But, in the circumstances of this case, the application was properly before the judge on the unopposed roll (there being no formal opposition to it within the prescribed time limits) and the Applicant had received notification of time and date of the hearing. In addition, the judge knew that the Applicant had served and filed a notice of its intention to review the award and he nevertheless exercised his discretion in favour of making the award an order of Court. The Applicant has thus not made out a case which satisfies the test outlined by Erasmus (supra) for a rescission in terms of section165 (a).
The conversation which the Applicant’s labour consultant had with the Registrar on 14 December 1998 and his mistaken belief that that would be sufficient to stay the application does not take the matter any further or assist the Applicant in making a case for rescission in terms of Rule 16A (1) (b) or the common law.
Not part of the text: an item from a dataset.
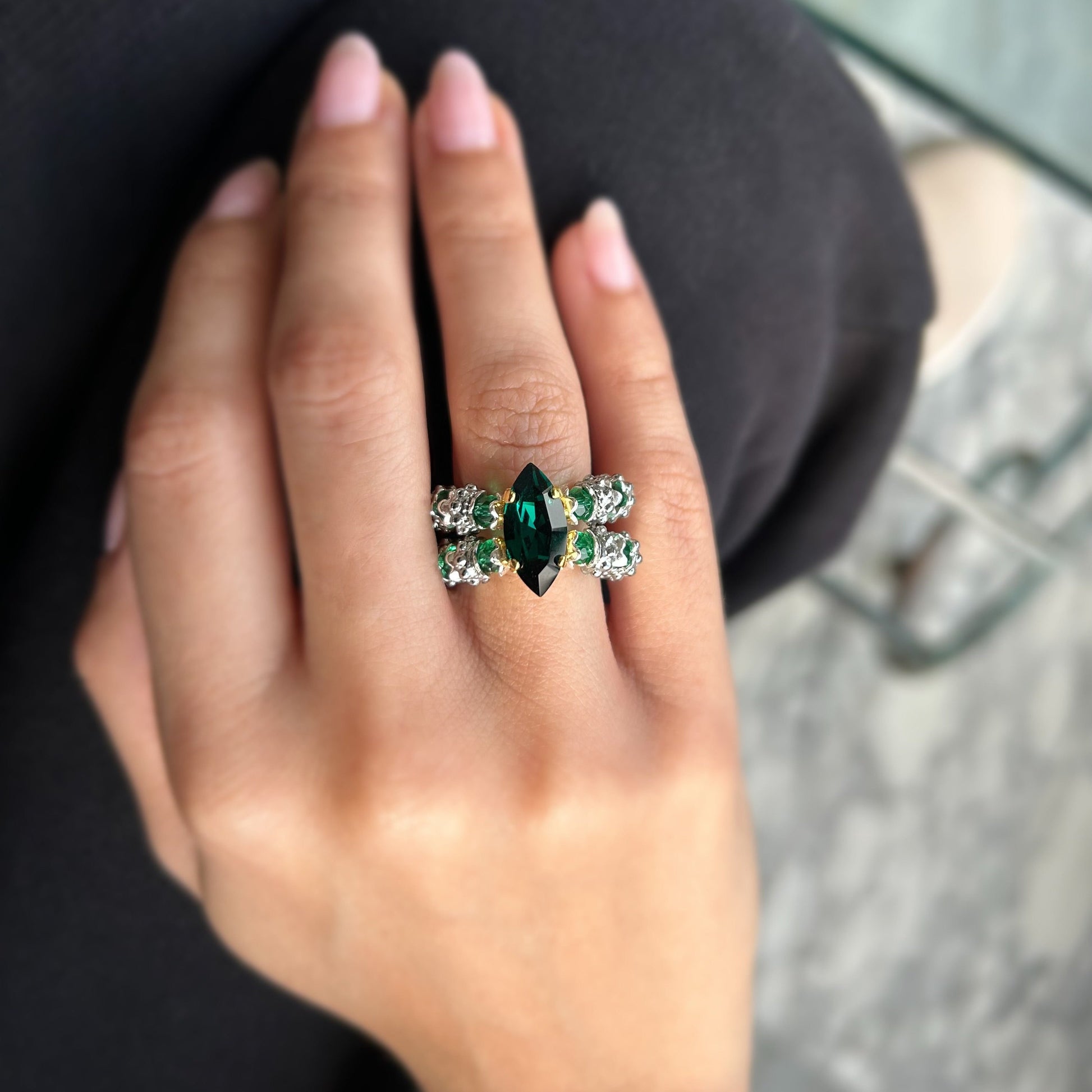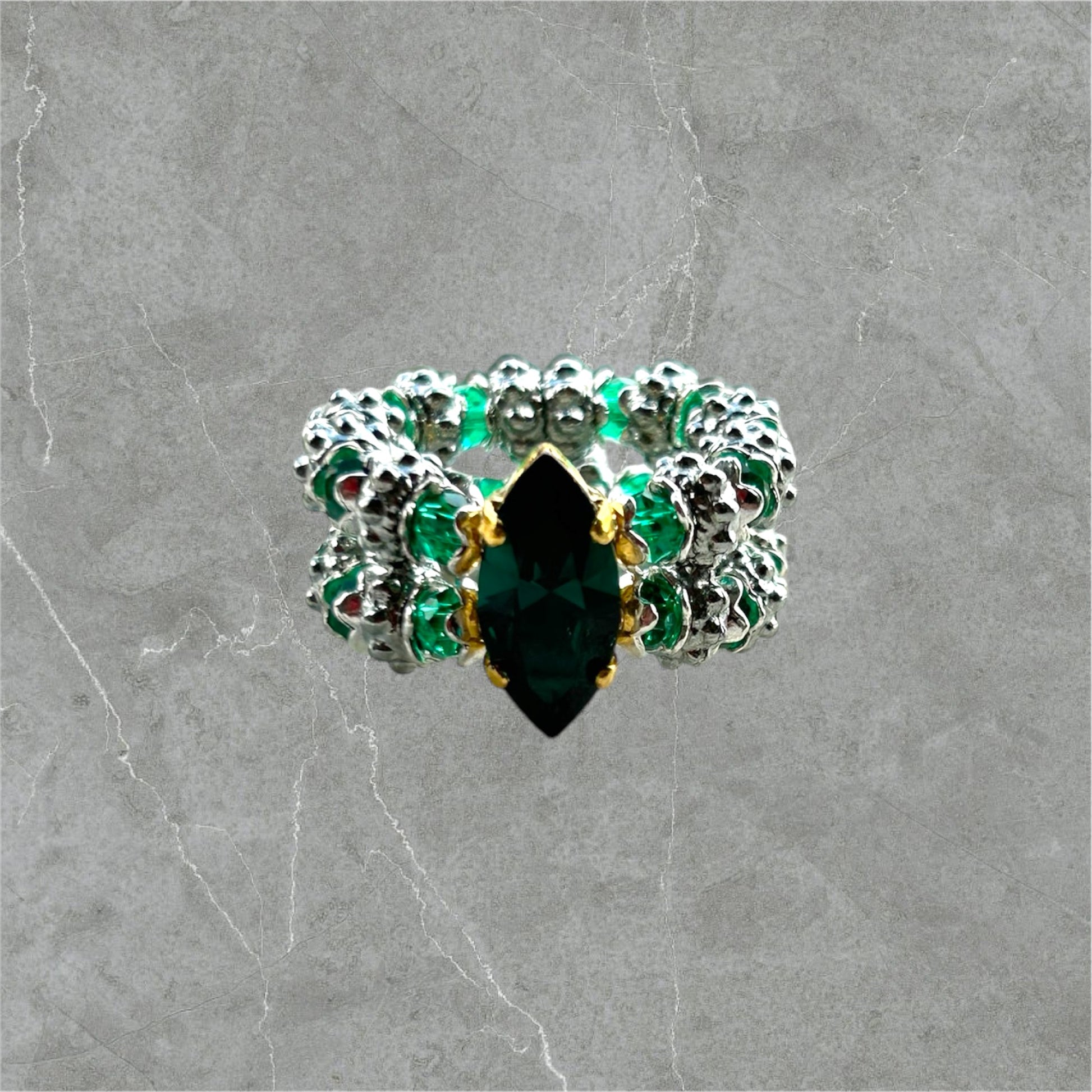 STRETCHY RING -Emerald green marquise Swarovski with metal and crystal beads

I am of the view that the Applicant’s labour consultant’s conduct in this regard was negligent in the extreme. By advertising his services as a labour consultant, he purports to have the knowledge and expertise required to assist his clients with their labour disputes properly in terms of the rules and practice of this Court. The rules and practice required him, when knowledge of the application came to his attention, to instruct attorneys to formally oppose the review and apply for a stay of the proceedings pending the outcome of the review application. This would have ensured that the matter was placed on the opposed roll. If there was insufficient time for him to do so (and clearly there was ample time), at the very least, he should have ensured that either his client or a proper representative on behalf of his client appeared in court on 17 December 1998 to ask for a postponement pending the filing and service of that application. Instead, on his version in the Founding Affidavit (which, incidentally, is not supported by a confirmatory affidavit by the Registrar), he relied on the Registrar of this Court to deal with the matter following a telephone discussion and a letter which he faxed through at 2.24pm on the day before the hearing (the following day was a public holiday) and a day after the telephone discussion with the Registrar.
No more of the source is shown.